Los gnomos de Gnomeregan, cuya brillantez tecnológica había aportado a la Alianza inventos que iban desde los rifles de precisión hasta los submarinos experimentales, enfrentaban una tragedia propia que era al mismo tiempo una vergüenza nacional y un misterio sin resolver. Su ciudad subterránea, Gnomeregan, una maravilla de la ingeniería que se extendía por kilómetros bajo la superficie de Dun Morogh con sus niveles de laboratorios, fábricas y residencias interconectados por un sistema de transporte que habría asombrado a cualquier ingeniero humano o enano, había sido invadida por los troggs, criaturas subterráneas de una brutalidad que contrastaba grotescamente con su apariencia torpe y que habían brotado de las profundidades en números que abrumaron las defensas gnómicas antes de que nadie pudiera comprender de dónde venían. En un intento desesperado por repeler a los invasores, el líder de los gnomos, Mekigeniero Mekkatorque, autorizó la irradiación de los niveles inferiores de la ciudad, un acto que debería haber eliminado a los troggs pero que, debido a la traición de su consejero Termoclavo, quien había saboteado deliberadamente la operación, resultó en la contaminación radiactiva de toda Gnomeregan. La mayoría de la población gnómica murió o fue transformada por la radiación en leprosos gnómicos, criaturas enloquecidas que vagaban por los túneles irradiados con expresiones de demencia y cuerpos desfigurados, y los supervivientes se refugiaron en Forjaz como un pueblo en el exilio, compartiendo la ciudad de los enanos con una gratitud que no lograba ocultar la humillación de haber perdido su hogar por una combinación de invasión y traición interna. Mekkatorque gobernaba a su pueblo desde el Taller de los Gnomos en Forjaz, planificando incansablemente la reconquista de Gnomeregan mientras sus mejores ingenieros diseñaban las armas y máquinas que la Alianza necesitaba para enfrentar las múltiples amenazas que la acechaban.

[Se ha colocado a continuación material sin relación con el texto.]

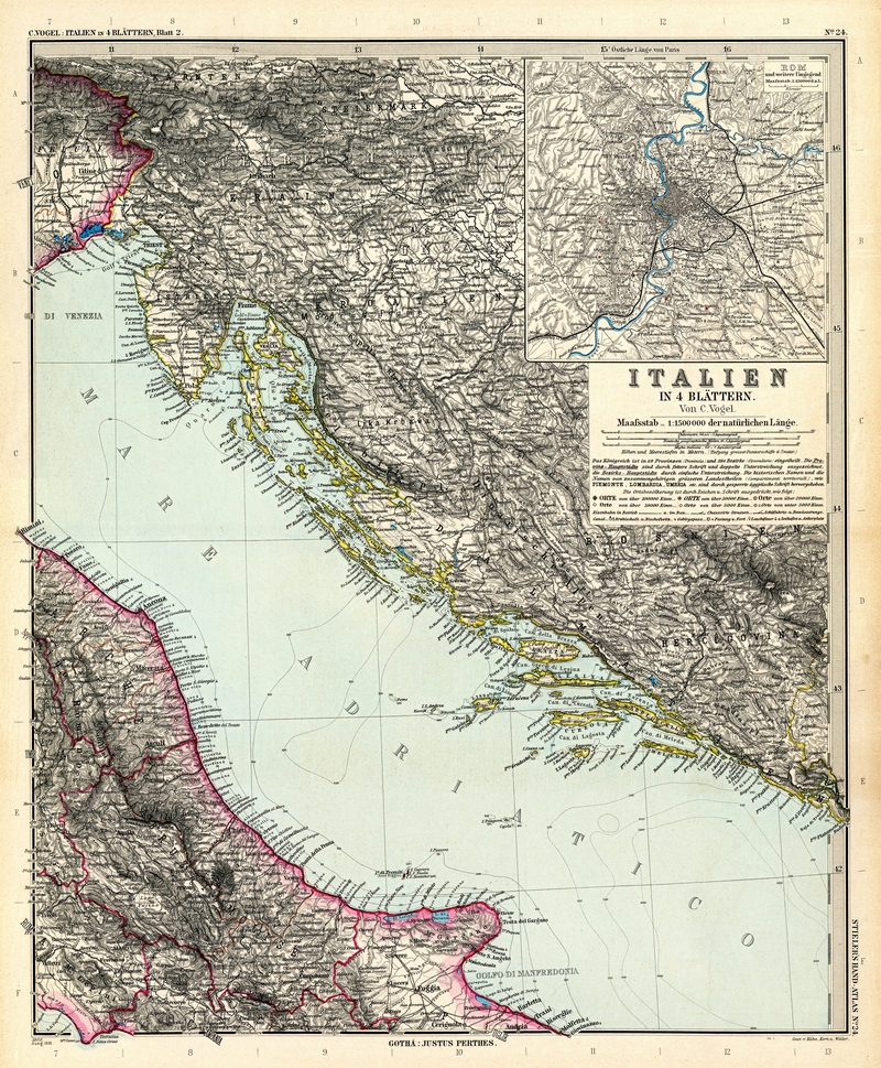 Italien in 4 Blättern, Blatt 4 (Kampanien, Apulien, Kalabrien, Sizilien, Malta) – Stielers Weltatlas von 1891

En las costas occidentales de Kalimdor, los elfos de la noche se habían unido formalmente a la Alianza, una decisión que muchos entre los kaldorei consideraban tan necesaria como amarga, pues significaba abandonar diez mil años de aislamiento para aliarse con razas cuya presencia en Kalimdor apenas toleraban y cuyas costumbres, desde la magia arcana de los humanos hasta la industrialización ruidosa de los gnomos, resultaban profundamente ajenas a un pueblo que vivía en simbiosis con los bosques. Tyrande Susurravientos y Malfurion Tempestira lideraban a su pueblo desde la nueva ciudad de Darnassus, construida sobre las ramas de Teldrassil, un nuevo Árbol del Mundo que los druidas habían cultivado como sucesor de Nordrassil en un acto de esperanza que era también un acto de desafío contra la mortalidad que ahora los alcanzaba. Sin embargo, Teldrassil no había recibido la bendición de los Aspectos Dragón como lo había hecho Nordrassil, y en consecuencia no restauraba la inmortalidad perdida ni proporcionaba la misma protección espiritual, y los druidas más sabios percibían en sus raíces una inestabilidad sutil pero preocupante que sugería que el árbol crecía no según los patrones naturales de la vida sino según algo más oscuro, una influencia que no podían identificar pero que sentían como se siente una corriente fría bajo la superficie de un lago cálido. Los elfos de la noche patrullaban Vallefresno y las regiones circundantes con la vigilancia de un pueblo que había aprendido que los bosques sagrados podían ser corrompidos y que la inmortalidad podía perderse, y su unión con la Alianza, aunque cargada de desconfianza mutua, proporcionaba a ambas partes algo que necesitaban desesperadamente: a los elfos, el apoyo militar y logístico de un continente donde ya no podían depender exclusivamente de su propia fuerza; a la Alianza, el conocimiento ancestral y el poder druídico de la civilización más antigua del mundo.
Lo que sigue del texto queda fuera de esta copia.